Exercise details —
Look below for the line with "JPM is an Android" and the line with "Baby Shark (girl), Κούπα". Copy exactly those two lines and every line between, but not the pictures.

Information provided —

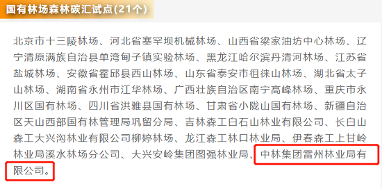 国有林场森林碳汇试点(21个)
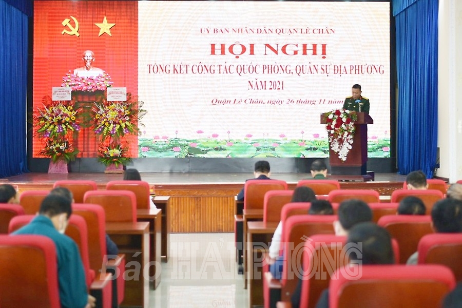 Sáng 26/11, UBND quận Lê Chân tổ chức hội nghị tổng kết công tác quốc phòng, quân sự địa phương năm 2021.
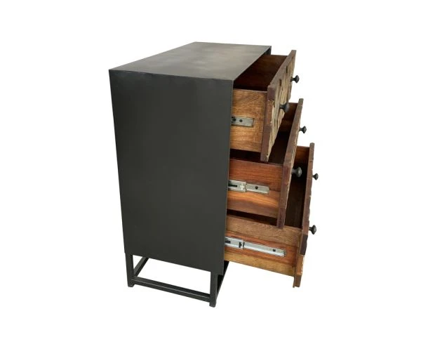 Cette commode industrielle de la collection « Kaloupilé » présente un superbe mélange de matières. Elle trouvera sa place avec style dans votre entrée, votre chambre à coucher ou même dans votre salon. Produite au Rajasthan en petite série, chaque pièce est unique et révèle sa puissance décorative. Quel plaisir de s’offrir un meuble upcyclé, dans l’air du temps et mettant en valeur des matériaux tendances comme le métal et le bois de manguier recyclé.
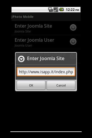 JPM is an Android application which requires a Joomla! component to be installed on your Joomla website; first of all you have to download the Joomla JoomPhoto Mobile component http://www.isapp.it/en/jphotomobile-for-joomla.html to your Joomla server and then install the JPM android application on your mobile phone.
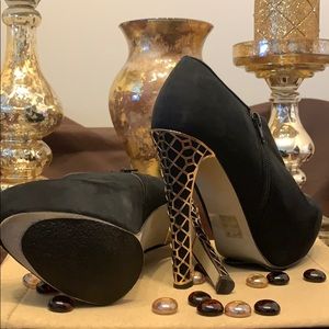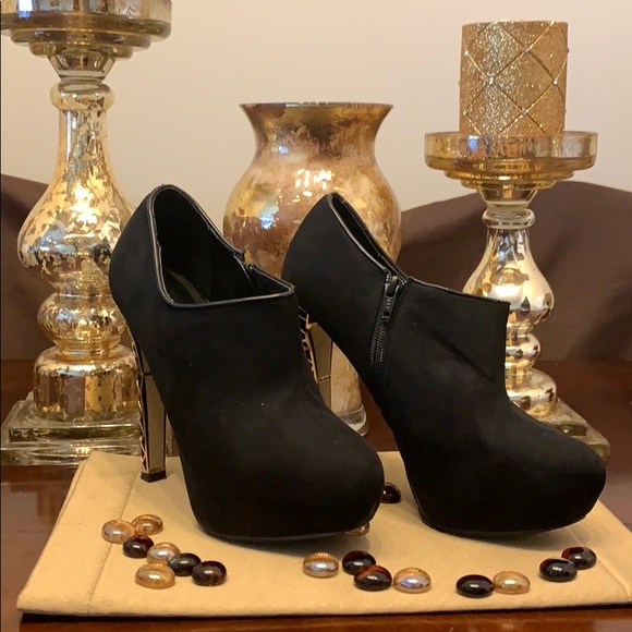Call it Spring Swede Booties with Gold Trimmed heel. Minimal wear and tear. Warn a few times. Comfortable and stylish.
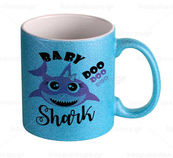 Baby Shark (girl), Κούπα Σιέλ Glitter που γυαλίζει, κεραμική, 330ml
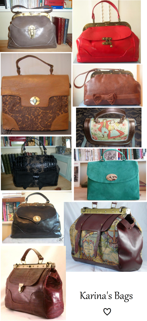 J’ai rencontré Karina en 2009 lorsque j’étais étudiante à Durham dans le nord de l’Angleterre, lors d’un Vintage Fashion Fair à la fac. Karina était très gentille et lorsque je me suis arrêtée pour regarder ses sacs Karina m’a parlé de son métier avec passion! Elle m’a expliqué qu’après des années à travailler dans la mode, en 2008 elle a décidé de lancer sa propre marque de sacs à main: « Karina’s Bags ». A l’époque je n’avais pas les moyens d’acheter un de ses sacs, mais j’avais pris une de ses cartes de visite, en me promettant d’en acheter un avec mon premier salaire. J’étais complétement sous le charme de ses sacs « docteur », inspirés des années 1950. Ses sacs étaient entièrement fait à la main en utilisant de beaux cuirs qui étaient souvent des chutes de matériaux provenant de grandes maisons comme Dior, Gucci ou Mulberry. Quelques mois après cette première rencontre, je suis allée à un autre Vintage Fashion Fair à Newcastle, où Karina avait un petit stand et où on a continué à papoter.
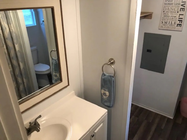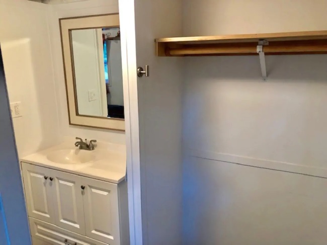 Blue Sky has a king-size master loft and a second loft right above the kitchen. The kitchen itself is made of stainless steels counters, apartment-sized fridge, oven, and lots of cabinets with additional hanging storage. Living room has a love seat and bathroom has a full-size shower. Large closet area has a washer-dryer combo.
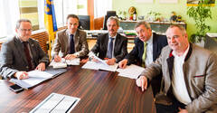 (v.l.) Dipl. KH-BW Helmut Krenn (Kaufm. Geschäftsführer NÖ Landeskliniken-Holding), DI Jürgen Tiefenbacher (Regionalmanager Weinviertel), Landesrat Mag. Karl Wilfing, Bürgermeister Helmut Laab, LAbg. Ing. Hermann Haller

Response to the exercise —
 JPM is an Android application which requires a Joomla! component to be installed on your Joomla website; first of all you have to download the Joomla JoomPhoto Mobile component http://www.isapp.it/en/jphotomobile-for-joomla.html to your Joomla server and then install the JPM android application on your mobile phone.
Call it Spring Swede Booties with Gold Trimmed heel. Minimal wear and tear. Warn a few times. Comfortable and stylish.
 Baby Shark (girl), Κούπα Σιέλ Glitter που γυαλίζει, κεραμική, 330ml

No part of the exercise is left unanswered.